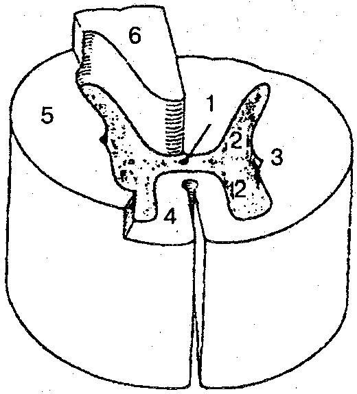 1 — центральный канал; 2 — серое вещество; 3 — белое вещество; 4 — передний канатик; 5 — боковой канатик; 6 — задний канатик
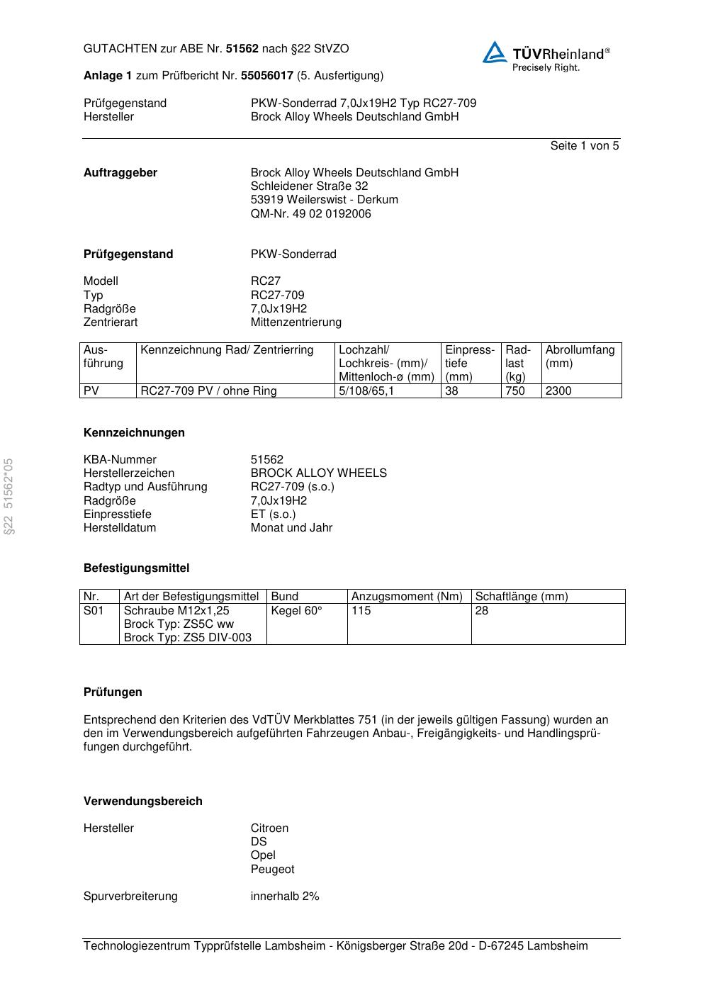 Dieses Gutachten (abe) bezieht sich auf die Alufelge Brock RC27-709 in der Ausführung 7Jx19 ET 0, Mittenloch 0 mm (KBA 51562). Im PDF findest du typischerweise zulässige Reifengrößen, Auflagen/Anbauhinweise und – je nach Dokument – Hinweise zur Eintragung.
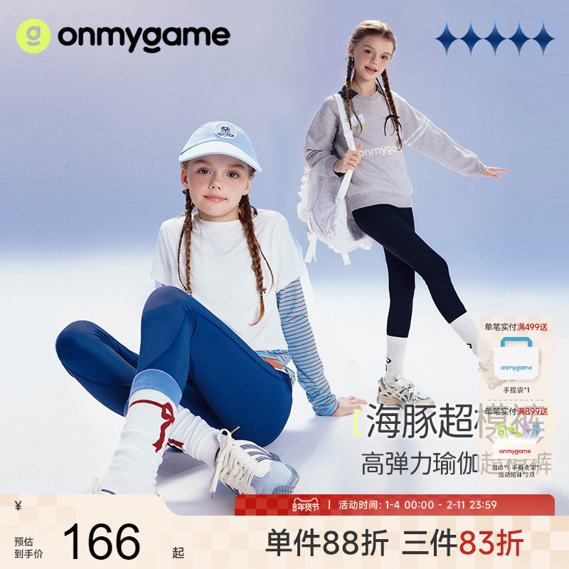 onmygame【海豚超模裤】女童春装打底裤2025新款高弹运动瑜伽裤子
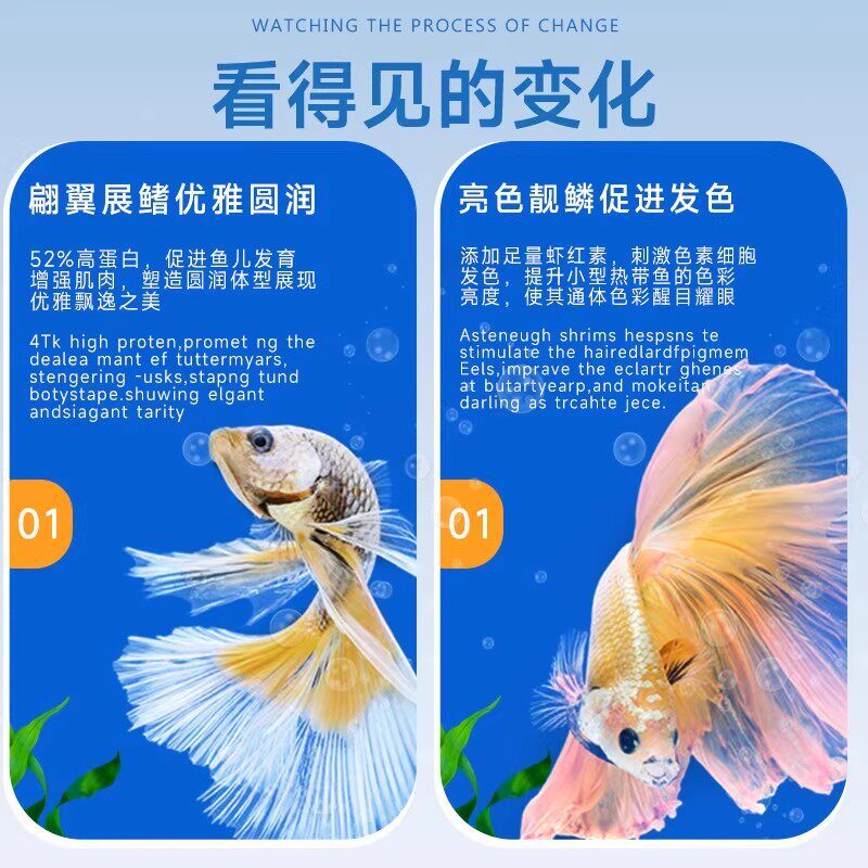 天猫孔雀鱼饲料鱼食小鱼专用斗鱼鳑鲏小型鱼热带鱼粮凤尾斑马小颗粒料
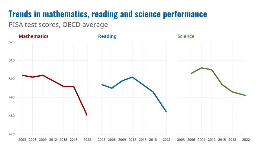The OECD’s PISA 2022 results show the OECD math average falling a record ~15 points (489→472) between 2018 and 2022 — triple any previous decline. Reading dropped 10 points, double the prior record.
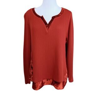 SOFT SURROUNDINGS Waffle Knit Velvet Top Shirt 1X Soft Artsy Casual Travel Work
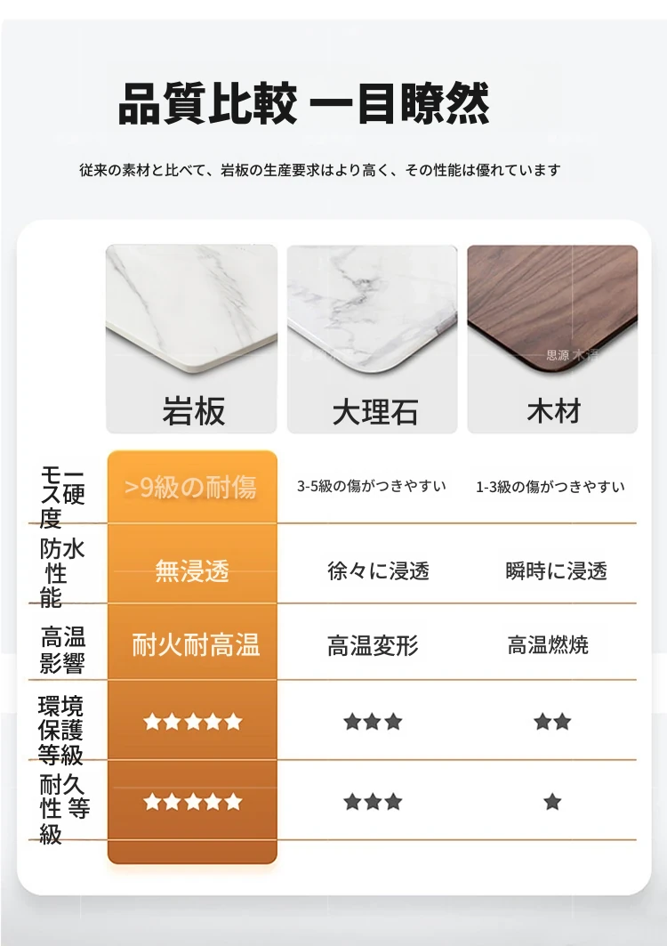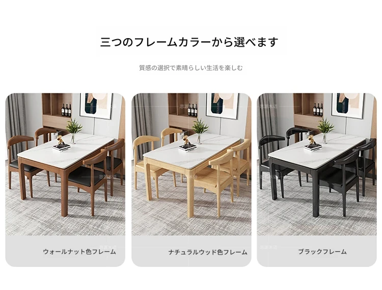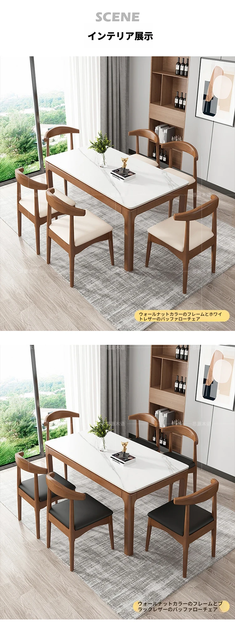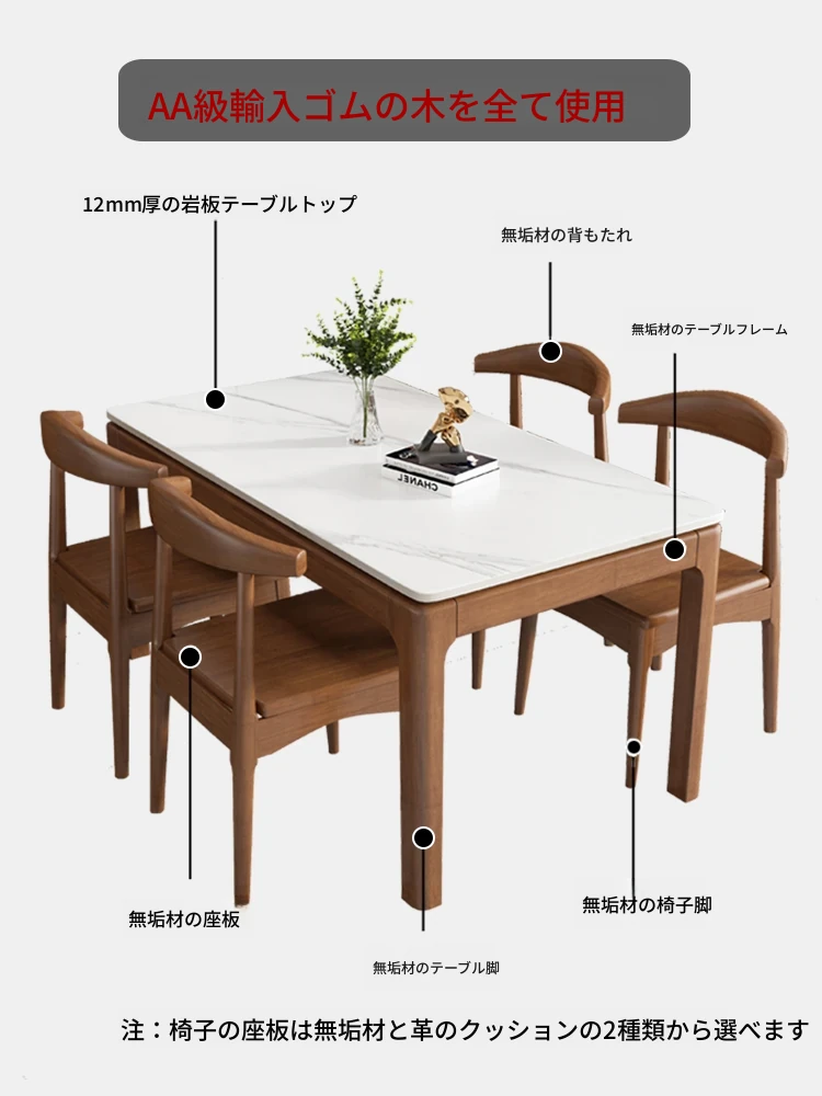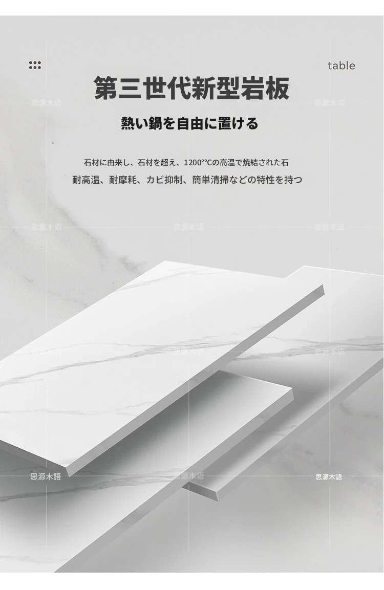 モダンミニマリストの岩板ダイニングテーブル - 家庭用小型デザイン、天然木製椅子付き、北欧スタイルの大理石長方形テーブルで、食事の時間を特別に演出!

Your task —
Begin with the line containing "天猫孔雀鱼饲料鱼食小鱼专用斗鱼鳑鲏小型鱼热带鱼粮凤尾斑马小颗粒料" and end with the last line of the entries above. Copy those lines exactly, both ends included, and drop every picture.

Solved exercise —
 天猫孔雀鱼饲料鱼食小鱼专用斗鱼鳑鲏小型鱼热带鱼粮凤尾斑马小颗粒料
The OECD’s PISA 2022 results show the OECD math average falling a record ~15 points (489→472) between 2018 and 2022 — triple any previous decline. Reading dropped 10 points, double the prior record.
 SOFT SURROUNDINGS Waffle Knit Velvet Top Shirt 1X Soft Artsy Casual Travel Work
 モダンミニマリストの岩板ダイニングテーブル - 家庭用小型デザイン、天然木製椅子付き、北欧スタイルの大理石長方形テーブルで、食事の時間を特別に演出!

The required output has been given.